When he moved to Auvers in 1890, Van Gogh was aware of the fact that Daubigny, who had died in 1878, had spent time there. He met Daubigny’s widow and obtained her permission to paint in the garden of the house that her late husband had established in Auvers. Beyond the garden, Van Gogh painted some panoramic landscapes which expressed his love of an unspoiled countryside. It’s illuminating and informative to look at the three paintings (one by each artist) of poppy fields in the exhibition and note how related they are in terms of their composition. Daubigny’s is darker and does have some small human figures in the foreground, Monet’s has a lighter touch, and Van Gogh’s, with its brighter colours and looser feeling, carries the idea of Impressionism a step further. Different in their own ways, and yet with a central layout and urgency common to them all.

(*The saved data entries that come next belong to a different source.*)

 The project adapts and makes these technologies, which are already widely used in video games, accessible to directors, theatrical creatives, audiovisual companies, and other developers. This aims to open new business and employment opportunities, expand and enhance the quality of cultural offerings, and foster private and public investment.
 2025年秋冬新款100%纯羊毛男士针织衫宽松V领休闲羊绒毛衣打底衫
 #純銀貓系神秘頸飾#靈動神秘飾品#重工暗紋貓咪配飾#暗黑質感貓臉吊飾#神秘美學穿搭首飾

As the Foreword to the catalogue makes clear, both the “exhibition and its accompanying book are devoted to the achievements” of Daubigny. The works by Monet, Van Gogh, and other artists such as Pissarro, Sisley, and Berthe Morisot, that are on display are not negligible by any means, but it is Daubigny’s paintings that, to use an apt phrase, “steal the show”. But in doing so, they do add to our awareness of Impressionism by reminding us, if we need to be reminded, that it didn’t simply appear from nowhere and had its antecedents in work by someone like Daubigny.

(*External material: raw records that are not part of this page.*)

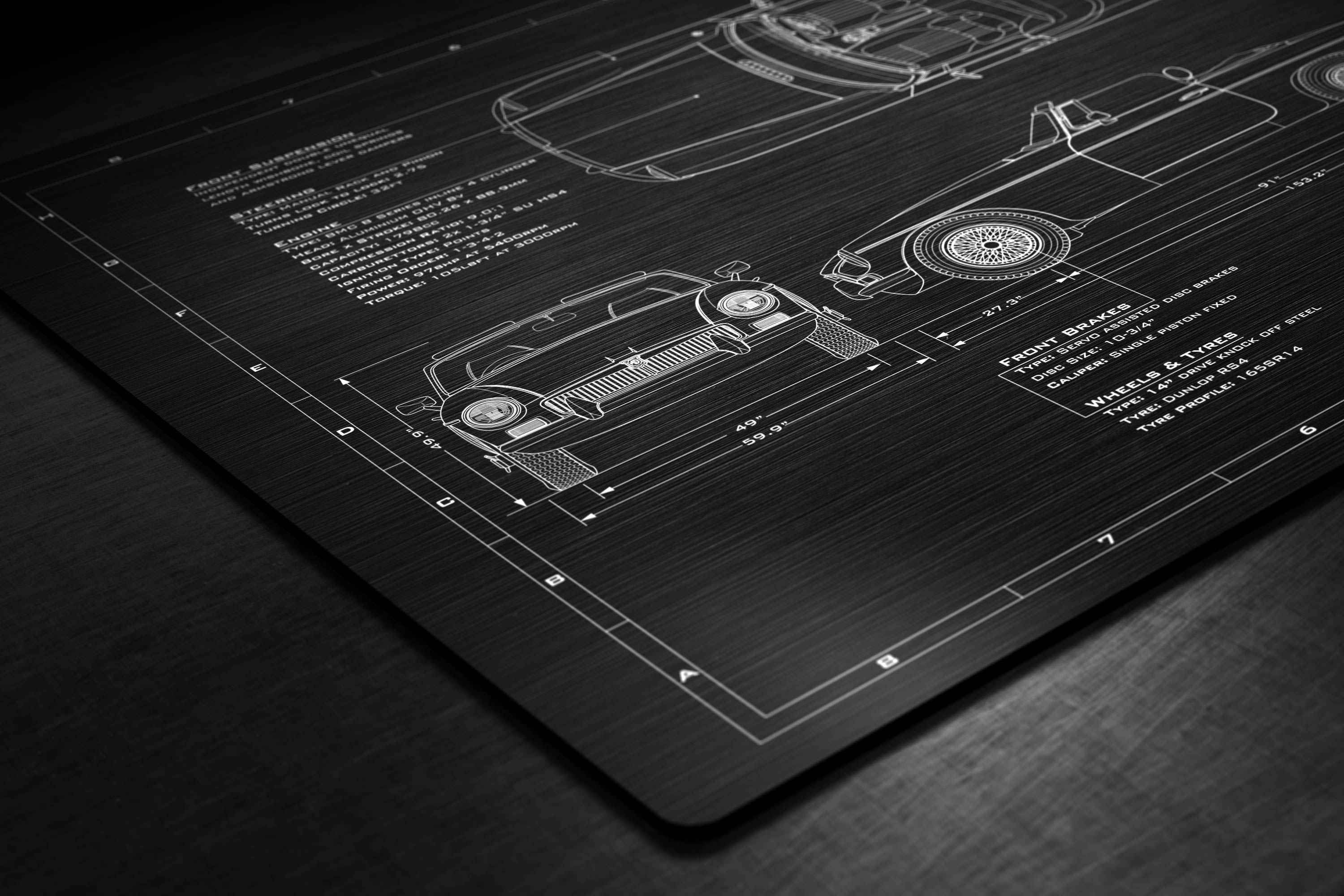 Our signature High Definition Orthographic™ illustrations are 100% original artwork, unavailable anywhere else. Each design begins with a specialist photography session with a real life example to generate the perfect reference images, before being digitally recreated by our talented in house artists to create a uniquely styled technical illustration of unparalleled detail and proportional accuracy.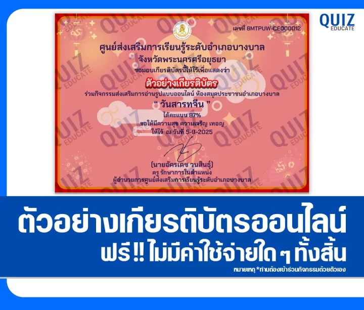 • เกียรติบัตรออนไลน์ | ไม่มีค่าใช้จ่าย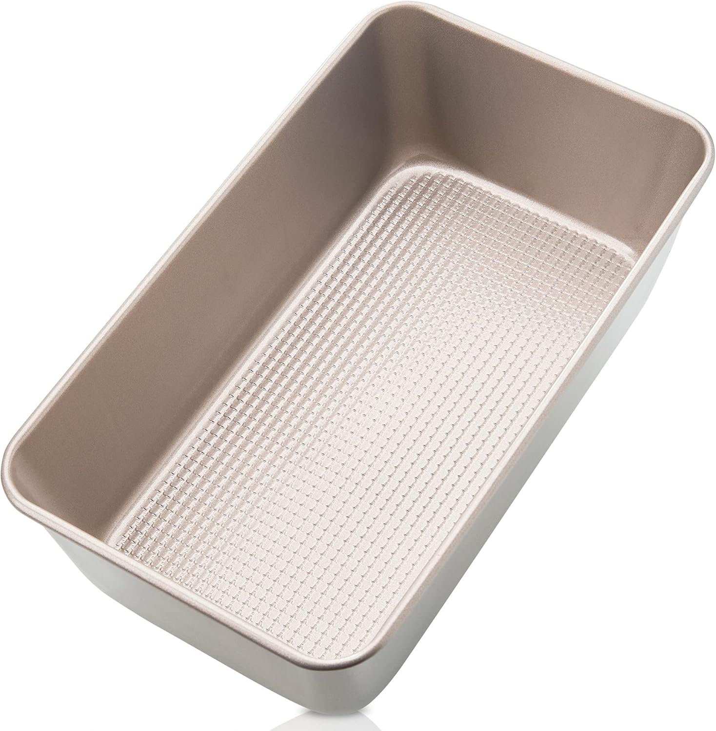 - QUICK, EASY RELEASE: Easily pop out bread, no spraying required! Our bread pan has a textured surface made of high-quality carbon steel that releases bread easily - just tip it over and it pops right out of the pan. Bake savory treats, no knead bread, banana nut loaf, and pound cake that releases easily - no food left behind!

It also points to Auvers as an important location in the history of French art. The catalogue has a useful essay, Auvers-sur-Oise as an Artists’ Colony; from Daubigny to Van Gogh, by Frances Fowle, that is well worth reading in its own right. Auvers perhaps doesn’t have the same allure as Pont-Aven, Giverny, Barbizon, and some others, when artists’ colonies are discussed, but over the years, not only Daubigny and Van Gogh had worked there, but also Berthe Morisot, Renoir, Pissarro, Cezanne, and Armand Guillaumin.  These days, its fame, or notoriety, probably relies on the fact that Van Gogh spent his last days in Auvers and committed suicide in a nearby field. It deserves to be remembered for far more than that.

Inspiring Impressionism: Daubigny, Monet, Van Gogh is a superb exhibition, and delights both the eye and the mind. It’s unlikely that we’ll have another opportunity to see so many Daubigny paintings gathered together in one place, at least not in the next few years.